UN POEMA DE W.H. AUDEN






La caja del abuelo sigue dándome sorpresas...Es como si desde el otro mundo, uno de los hombres que más me amó, viniera cargado de versos a poner el foco sobre poetas a los que no les había prestado atención o en los que no me había revolcado lo suficiente. o a los que directamente no conocía.

Esta vez un librito muy fino de Wystan Hugh Auden (1907-1973), uno de los poetas más importantes de la poesía inglesa del siglo XX y una de las voces más influyentes desde que publicara por primera vez en 1930. Auden, es autor del poema Funeral Blues muy conocido tras su lectura en una escena de la película Cuatro bodas y un funeral, la revelación de su homosexualidad, que late en toda su obra, hizo que el Movimiento Gay le considerara uno de los suyos.
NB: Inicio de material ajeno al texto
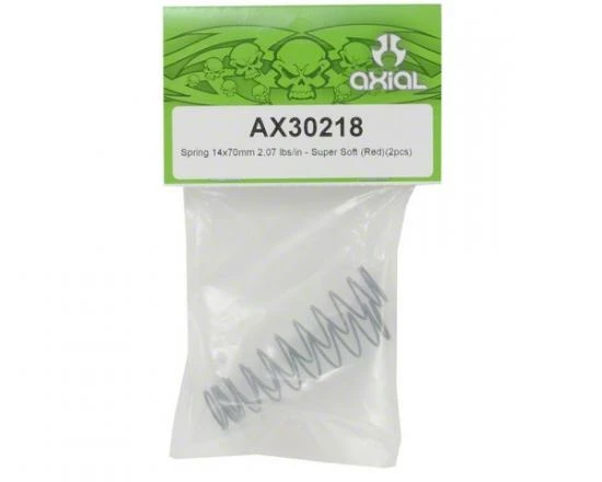 This is a set of optional Axial 14x70mm Red Shock Springs (Super Soft – 2.07 lbs/in), and are intended for use with the Axial SCX-10 Rock Crawler.Fine tune the ride of your SCX10 to your liking with optional spring choices. Availablein multiple spring rates you can dial in just the right amount ofarticulation.

Su tendencia sexual chocó de lleno con sus creencias religiosas, y en su vida y en su obra se deja ver esa búsqueda de libertad, así lo  relata Katherine Bucknell, experta en su obra.

Elegí este poema porque cuando lo leí se me heló la sangre, cuando lo releí se me agolpaban en la cabeza las imágenes de los millones de refugiados que hoy, en pleno siglo XXI, vagan por el mundo explusados de sus tierras por la guerra, la violencia y los conflictos.

Se puede decir mucho de la poesía de Auden,  yo me quedo con su dimensión social y humana, su sentido de la justicia y su forma de expresarlo, con su sensibilidad y su rabia, con la elección de cada palabra.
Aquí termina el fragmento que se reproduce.